Work task:
Return every line from the one with "(処理液m3 / 樹脂量m3)" through the one with "copyright © Wilhelm Göbel", inclusive, exactly as it appears below.

Dataset excerpts:
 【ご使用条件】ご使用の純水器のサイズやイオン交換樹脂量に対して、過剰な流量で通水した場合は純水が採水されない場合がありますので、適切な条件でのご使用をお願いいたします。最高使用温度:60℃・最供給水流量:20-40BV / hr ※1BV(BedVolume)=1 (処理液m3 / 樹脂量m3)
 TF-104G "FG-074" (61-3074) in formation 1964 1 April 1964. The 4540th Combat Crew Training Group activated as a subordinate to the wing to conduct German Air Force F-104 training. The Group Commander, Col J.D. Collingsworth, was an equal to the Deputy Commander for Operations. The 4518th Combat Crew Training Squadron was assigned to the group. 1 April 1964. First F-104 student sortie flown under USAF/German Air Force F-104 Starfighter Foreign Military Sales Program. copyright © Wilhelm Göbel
--
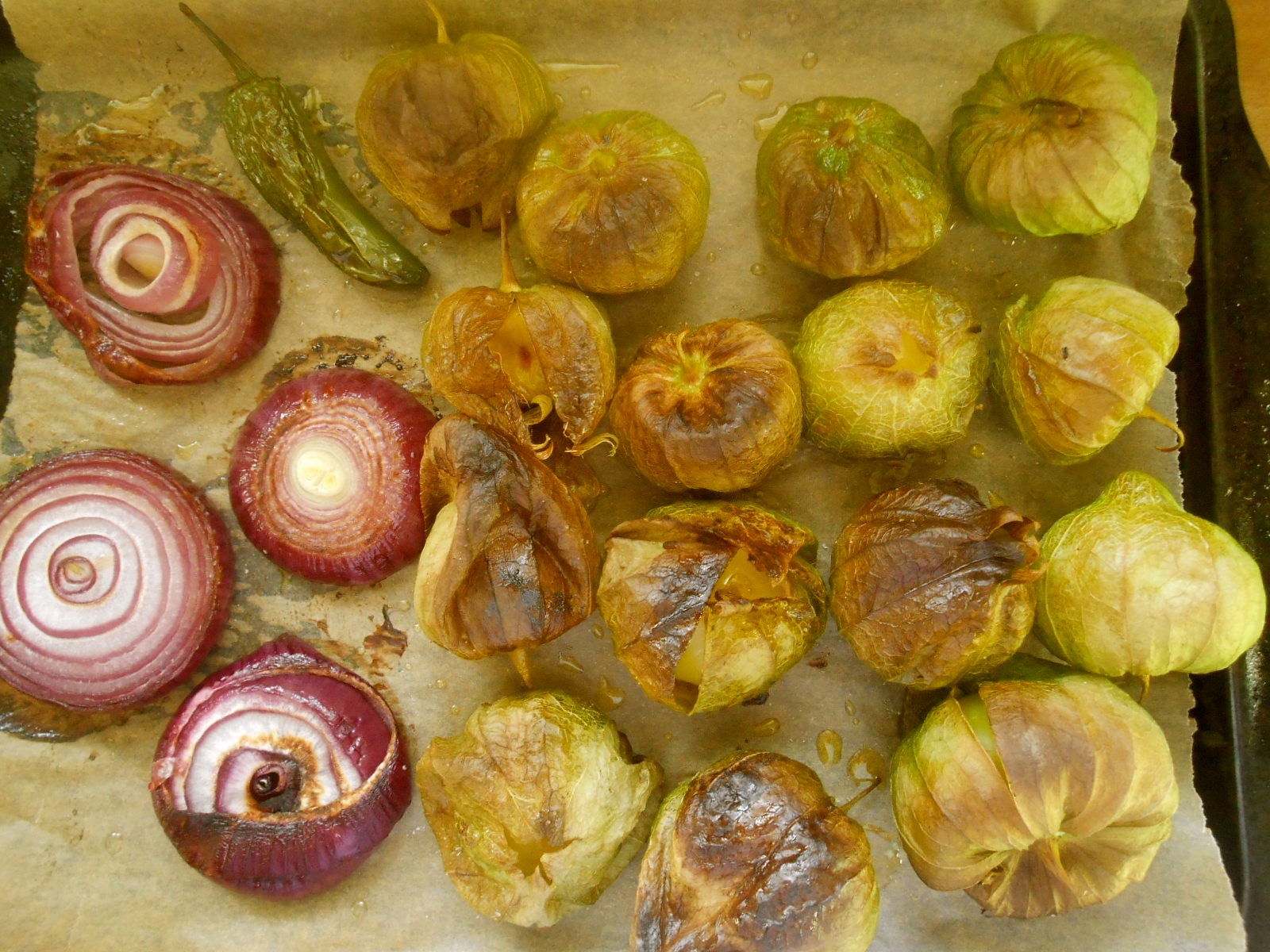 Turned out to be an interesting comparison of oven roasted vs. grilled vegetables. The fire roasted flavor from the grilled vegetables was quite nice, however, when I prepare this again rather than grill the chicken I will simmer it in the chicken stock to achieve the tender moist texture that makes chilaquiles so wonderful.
...
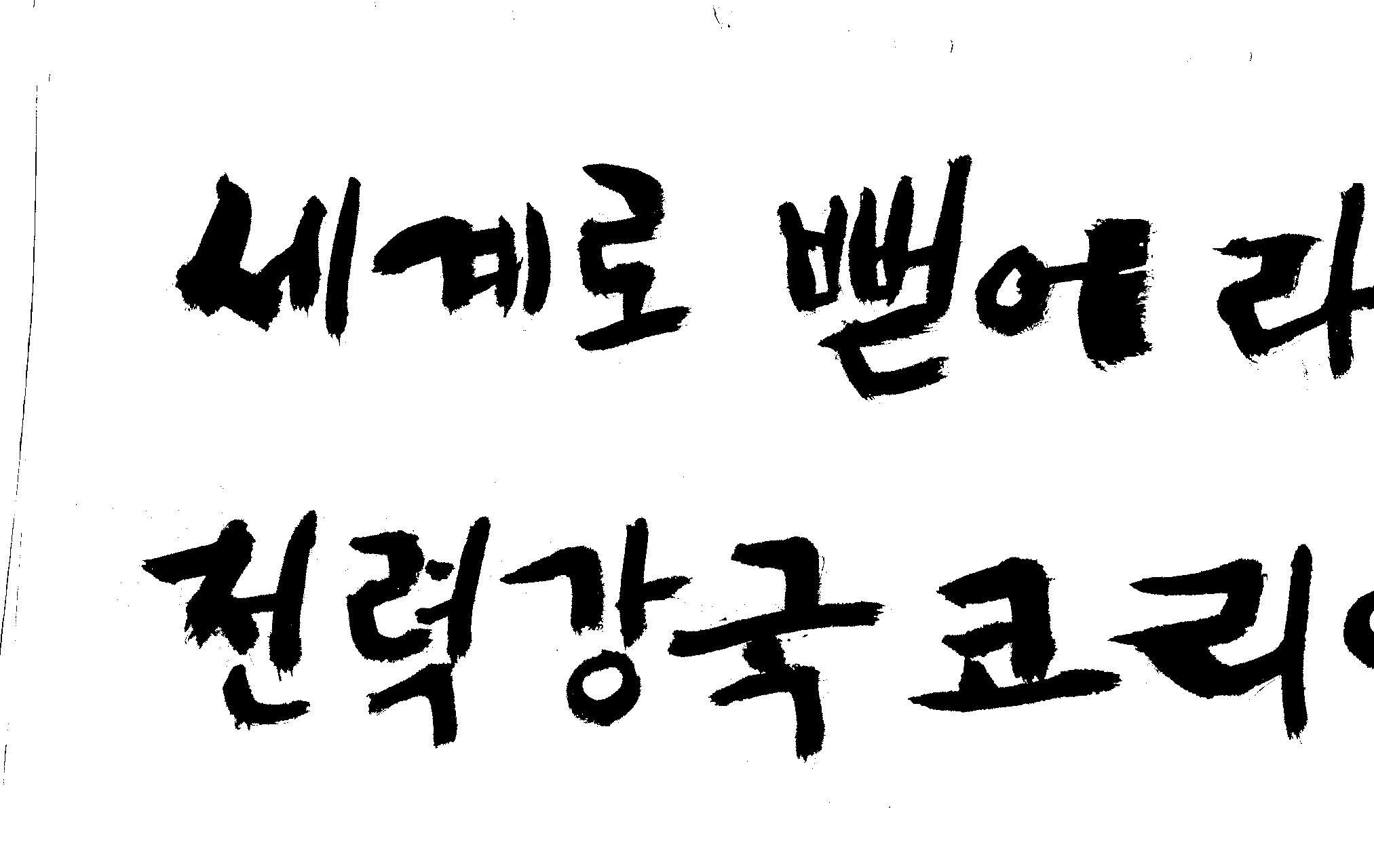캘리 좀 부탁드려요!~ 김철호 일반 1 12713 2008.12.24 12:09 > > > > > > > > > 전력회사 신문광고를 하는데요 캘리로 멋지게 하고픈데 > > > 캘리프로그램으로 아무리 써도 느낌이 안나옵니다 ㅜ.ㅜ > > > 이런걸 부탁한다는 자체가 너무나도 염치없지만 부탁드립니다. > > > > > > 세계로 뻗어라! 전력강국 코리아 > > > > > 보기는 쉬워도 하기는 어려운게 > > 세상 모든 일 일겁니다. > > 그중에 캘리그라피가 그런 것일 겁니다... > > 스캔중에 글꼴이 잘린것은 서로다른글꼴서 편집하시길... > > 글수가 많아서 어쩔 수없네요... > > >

Written response:
 【ご使用条件】ご使用の純水器のサイズやイオン交換樹脂量に対して、過剰な流量で通水した場合は純水が採水されない場合がありますので、適切な条件でのご使用をお願いいたします。最高使用温度:60℃・最供給水流量:20-40BV / hr ※1BV(BedVolume)=1 (処理液m3 / 樹脂量m3)
 TF-104G "FG-074" (61-3074) in formation 1964 1 April 1964. The 4540th Combat Crew Training Group activated as a subordinate to the wing to conduct German Air Force F-104 training. The Group Commander, Col J.D. Collingsworth, was an equal to the Deputy Commander for Operations. The 4518th Combat Crew Training Squadron was assigned to the group. 1 April 1964. First F-104 student sortie flown under USAF/German Air Force F-104 Starfighter Foreign Military Sales Program. copyright © Wilhelm Göbel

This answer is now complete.